=== Section Start ===
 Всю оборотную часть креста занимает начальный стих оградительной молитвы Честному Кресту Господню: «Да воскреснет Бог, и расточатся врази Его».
=== Section End ===
=== Section Start ===
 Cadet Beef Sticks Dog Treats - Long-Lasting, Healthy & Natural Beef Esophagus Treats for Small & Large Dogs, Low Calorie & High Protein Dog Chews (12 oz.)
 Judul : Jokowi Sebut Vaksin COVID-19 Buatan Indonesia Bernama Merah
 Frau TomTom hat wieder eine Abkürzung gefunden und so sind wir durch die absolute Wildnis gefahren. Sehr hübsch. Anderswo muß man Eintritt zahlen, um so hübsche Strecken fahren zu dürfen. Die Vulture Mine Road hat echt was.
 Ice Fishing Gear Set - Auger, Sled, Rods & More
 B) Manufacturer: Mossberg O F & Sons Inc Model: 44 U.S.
=== Section End ===
### Instructions for the task
Using the entries above, extract exactly the span from the line with "Frau TomTom hat" to the line with "B) Manufacturer: Mossberg", both lines included; leave out everything else.

### Response to this exercise
 Frau TomTom hat wieder eine Abkürzung gefunden und so sind wir durch die absolute Wildnis gefahren. Sehr hübsch. Anderswo muß man Eintritt zahlen, um so hübsche Strecken fahren zu dürfen. Die Vulture Mine Road hat echt was.
 Ice Fishing Gear Set - Auger, Sled, Rods & More
 B) Manufacturer: Mossberg O F & Sons Inc Model: 44 U.S.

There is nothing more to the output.